Part 1: The Health Monitor Script
The core of the system is hMailServer-HealthMonitor.ps1
, a PowerShell script that performs deep analysis of hMailServer instances. Here's what it monitors:
Queue Analysis
The script starts by examining the email queue, which is often the first indicator of problems:
function Analyze-QueueDirectory {
Write-Log "Analyzing queue directory: $hMailDataPath" -Console
try {
if ($Credential) {
$TempDrive = New-PSDrive -Name "QueueDrive" -PSProvider FileSystem -Root $hMailDataPath -Credential $Credential -ErrorAction Stop
}
$QueueFiles = Get-ChildItem -Path $hMailDataPath -Filter "*.eml" -Recurse -ErrorAction Stop
$QueueCount = $QueueFiles.Count
$HealthReport.QueueHealth = @{
TotalMessages = $QueueCount
TotalSize = if ($QueueFiles) { ($QueueFiles | Measure-Object -Property Length -Sum).Sum } else { 0 }
}
The script counts .eml
files in the queue directory and calculates total size. I implemented configurable thresholds—100 messages triggers a warning, 500 triggers a critical alert. These numbers work well for our environment, but they're easily adjustable.
Log File Analysis
One of the most valuable features is intelligent log parsing. Rather than analyzing every log file (which could be hundreds), the script focuses on the two most recent files:
# Get latest 2 log files
$LogFiles = Get-ChildItem -Path $hMailLogPath -Filter "*.log" -ErrorAction Stop |
Sort-Object LastWriteTime -Descending | Select-Object -First 2
$LogAnalysis = @{
FilesAnalyzed = $LogFiles.Count
InboundEmails = 0
OutboundEmails = 0
Errors = 0
TopSenders = @{}
TopRecipients = @{}
}
The parsing logic handles both traditional mail servers and relay configurations. For relay servers, I had to adjust the regex patterns to capture the right events:
# Parse inbound/outbound emails
if ($Line -match "RECEIVED|Message received|accepted for delivery|MAIL FROM") {
$LogAnalysis.InboundEmails++
# Extract sender
if ($Line -match "from\s+([^\s,]+)") {
$Sender = $matches[1]
if ($LogAnalysis.TopSenders.ContainsKey($Sender)) {
$LogAnalysis.TopSenders[$Sender]++
} else {
$LogAnalysis.TopSenders[$Sender] = 1
}
}
}
Process Monitoring
Monitoring the hMailServer process itself proved tricky. Remote process monitoring has limitations, so I implemented a fallback strategy:
# Try Get-Process first
try {
$hMailProcesses = Get-Process -ComputerName $ServerName -Name "hMailServer" -ErrorAction Stop
if ($hMailProcesses) {
$ProcessAnalysis.DetectionMethod = "Get-Process"

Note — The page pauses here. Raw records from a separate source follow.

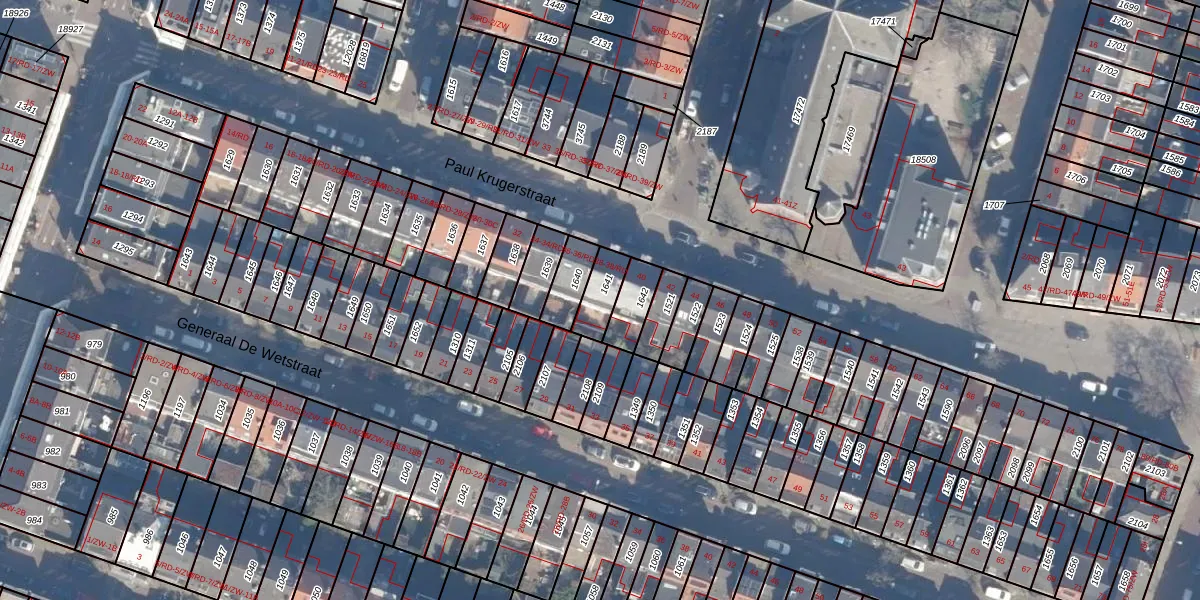 Het perceel waarop Paul Krugerstraat 38-RD staat heeft een oppervlakte van 83 m². Dit is een klein perceel. De perceeloppervlakte wordt geregistreerd door het Kadaster. Gedetailleerde informatie over de maten van dit perceel kunt u vinden in het rapport Kadastrale kaart met maatvoering van Paul Krugerstraat 38-RD.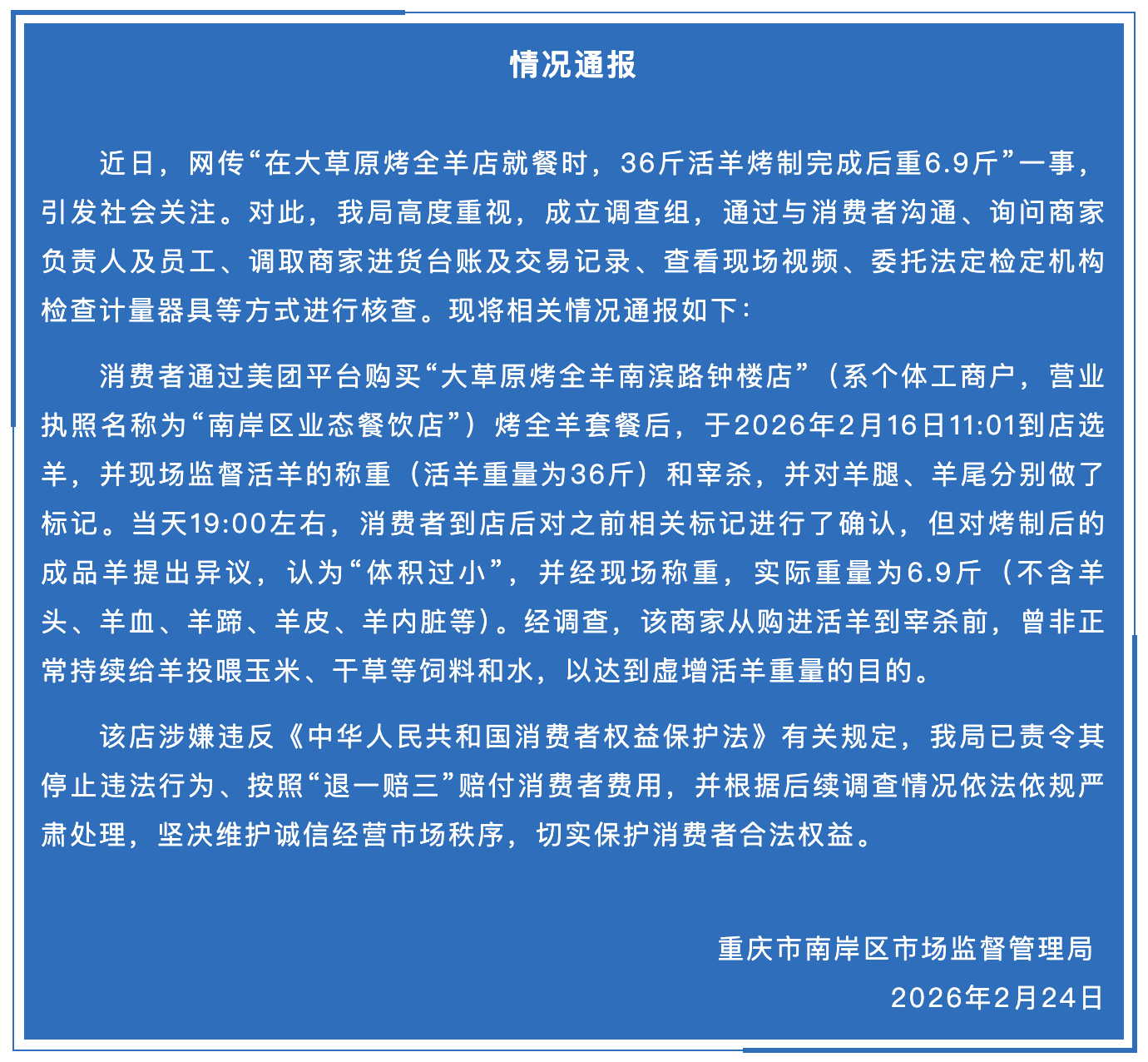 2月24日,重庆市南岸区市集监督处置局发布通报,阐明涉事商家在活羊购进至屠宰前,曾“非平常握续投喂玉米、干草和水”,以虚增活羊分量,涉嫌违抗《蓦地者职权保护法》关连限定,已责令住手违警行径,并按照“退一赔三”圭表抵蓦地者赔付,同期将证据后续拜谒情况照章依规严肃处理。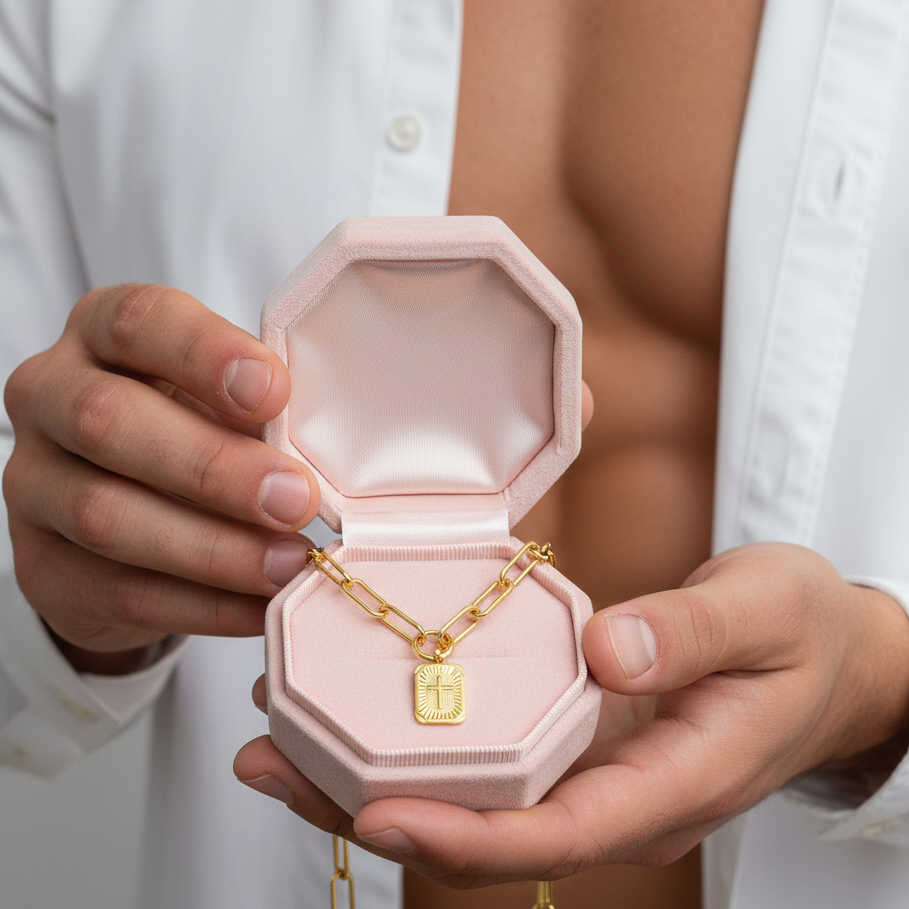 Embrace elegance with our Miami Cross Square Rolo Box Chain Choker Necklace. This beautiful piece showcases a unique combination of a classic rolo box chain and a timeless cross pendant, making it a must-have accessory for any fashionista. With its high quality craftsmanship and affordable price, this necklace is perfect for adding a touch of sophistication to any outfit. Treat yourself to luxury with the stunning collection from Black Diamonds New York.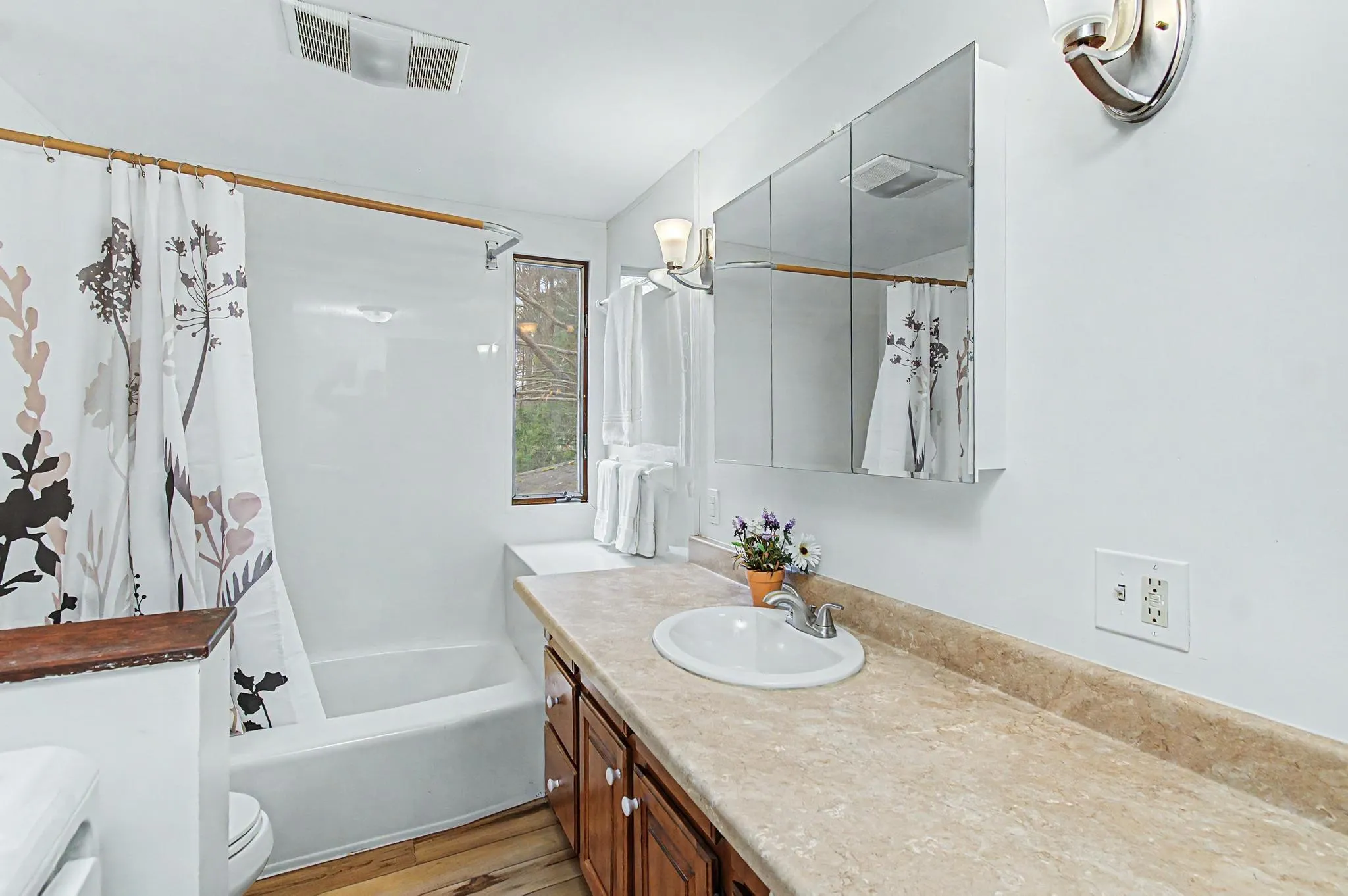 +"PublicRemarks": "Charming tri-level home with inviting curb appeal and solid construction, offering the benefits of a well-built and thoughtfully maintained property! Enter through the front door into a bright living room, highlighted by a row of four west-facing windows that flood the space with natural light. A cozy brick fireplace creates a warm focal point in the living room and bamboo flooring flows seamlessly into the dining room. The kitchen offers great functionality with quartz countertops, a built-in peninsula with open shelving, and abundant cabinetry to meet all your storage needs. Part of the appeal of a tri-level is the unique architecture -- go up a few stairs to three comfortable bedrooms and a full bath with conveniently located laundry. Down a few steps from the main living level, you'll find an additional bedroom and a ¾ bath. The highlight of the lower level is a spacious family room with large windows, vaulted ceilings and wonderful acoustics. A door provides direct access to the yard, while a separate side entry leads to a practical mudroom area with space for coats and storage. Additional highlights include a one-car garage and a pleasant backyard setting, perfect for relaxing or entertaining. Ideally situated in a desirable South Burlington neighborhood close to the elementary school, parks, shopping, UVM Medical Center and everyday amenities making it a wonderful place to call home."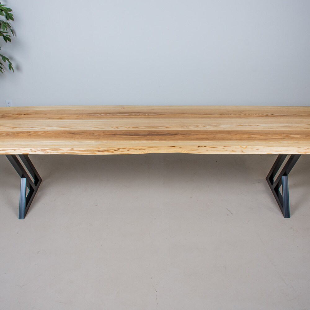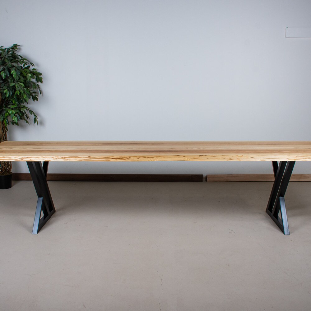 Large Live Edge Ash Dining Table, Long Wooden Dining Table, Natural Wood Table on Steel Legs, Long Live Edge Table, Solid Wood Table Top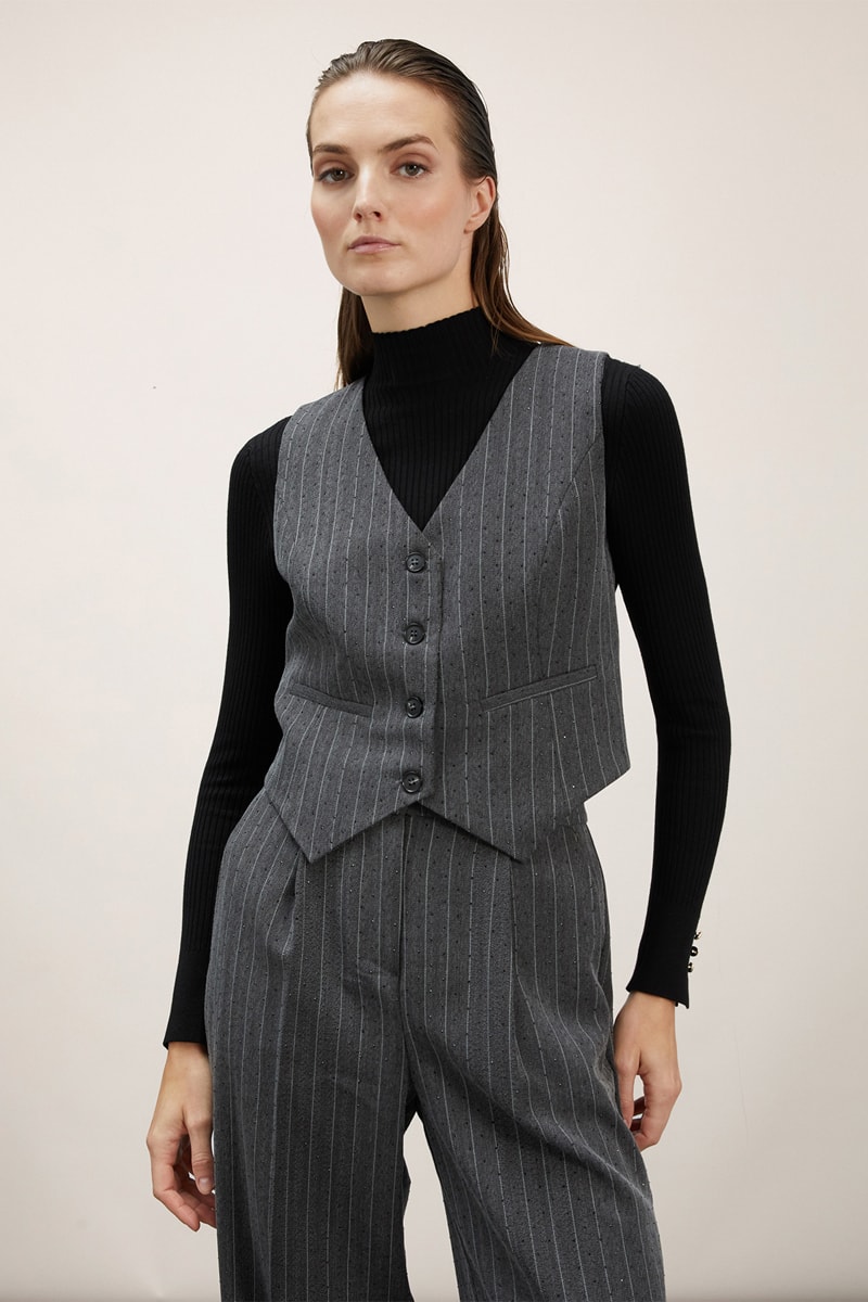O modelo mede 178 cm e veste o artigo no tamanho 40.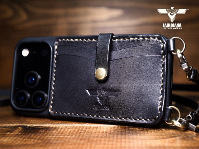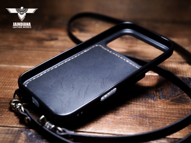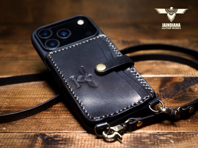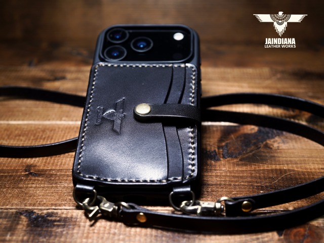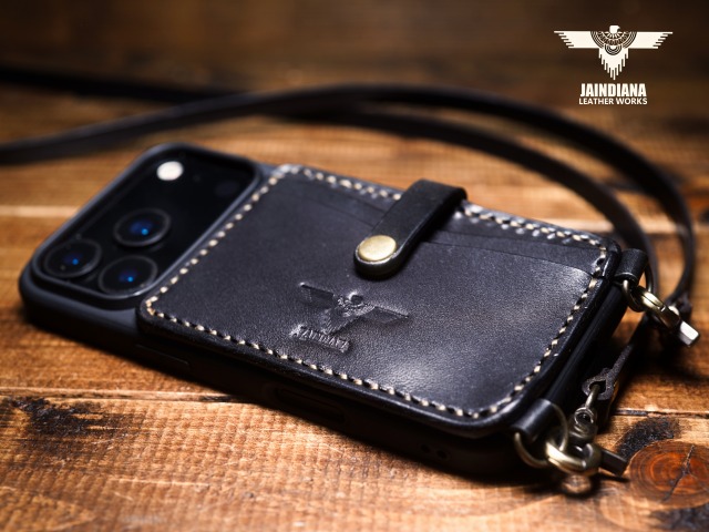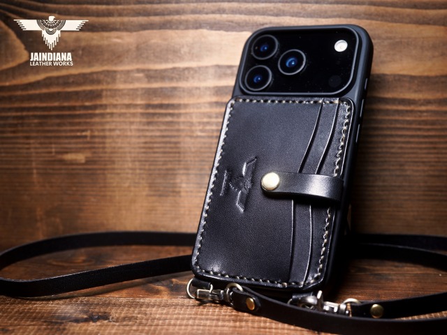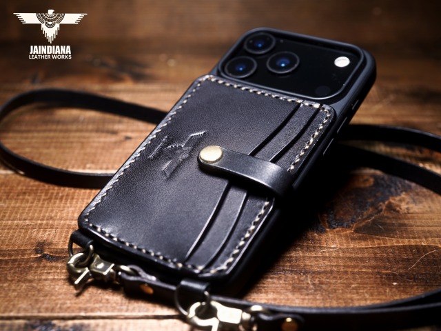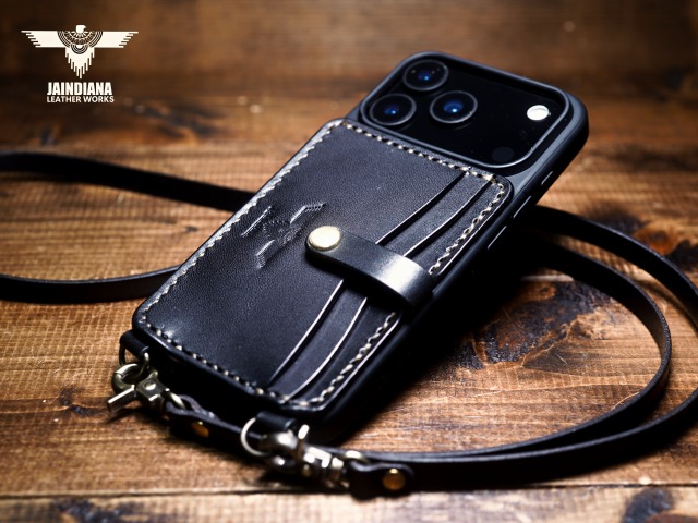 説得力あるブラックサドルレザーを使用したiPhone17Proケース。背面にカード入れを2段装備し、ネックストラップ付きのスタイリッシュで使い勝手の良いシティー派スタイルが魅力のアイフォンケース。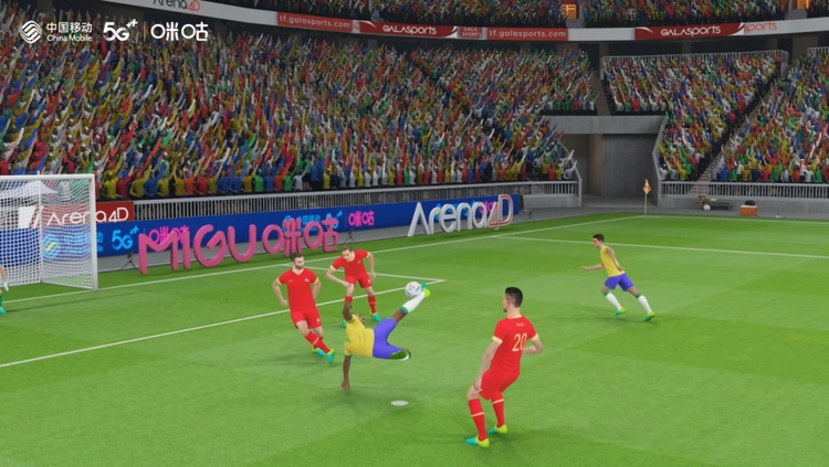 在体育运动领域,咪咕快游通过算力和数字引擎技术实现了元宇宙比特转播。卡塔尔世界杯期间,比特转播将现实中的赛事1:1搬运到元宇宙空间,为观众带来3D立体的数字赛事实况,从而摆脱现实摄像机位的束缚。用户可以任意选择观赛位置与角度,看到第一人称视角、跟随视角、子弹时间等数十种常规拍摄难以达成的特殊视角,获得体育观赛新体验。

$ProcessAnalysis.ProcessCount = $hMailProcesses.Count
foreach ($Process in $hMailProcesses) {
$MemoryMB = [math]::Round($Process.WorkingSet / 1MB, 2)
$ProcessAnalysis.TotalMemoryMB += $MemoryMB
}
}
} catch {
Write-Log "Get-Process failed, trying pslist..." -Level "WARN" -Console
}
If Get-Process
fails (which happens with certain security configurations), the script falls back to pslist
from Sysinternals:
if ($pslistPath) {
Write-Log "Running pslist \\$ServerName hmailserver command..." -Console
$pslistOutput = & pslist.exe "\\$ServerName" hMailServer 2>&1
if ($LASTEXITCODE -eq 0 -and $pslistOutput) {
$processLines = $pslistOutput | Where-Object { $_ -match "hMailServer\s+\d+" }
foreach ($line in $processLines) {
if ($line -match "hMailServer\s+(\d+)\s+(\d+)\s+(\d+)\s+(\d+)\s+(\d+)\s+([\d:\.]+)") {
$ProcessId = $matches[1]
$MemoryMB = [math]::Round([int]$matches[5] / 1024, 2)
$CPUTime = $matches[6]
# Store process details...
}
}
}
}
Performance Metrics
The script also collects system-level performance data using WMI:
$CPUParams = @{ ComputerName = $ServerName; ErrorAction = 'Stop' }
if ($Credential) { $CPUParams.Credential = $Credential }
# CPU
$CPUInfo = Get-CimInstance -ClassName Win32_Processor @CPUParams
$PerformanceData.CPU = @{
Name = $CPUInfo.Name
Cores = $CPUInfo.NumberOfCores
LoadPercentage = if ($CPUInfo.LoadPercentage) { $CPUInfo.LoadPercentage } else { 0 }
}
# Memory
$MemoryInfo = Get-CimInstance -ClassName Win32_OperatingSystem @CPUParams
$TotalGB = [math]::Round($MemoryInfo.TotalVisibleMemorySize / 1MB, 2)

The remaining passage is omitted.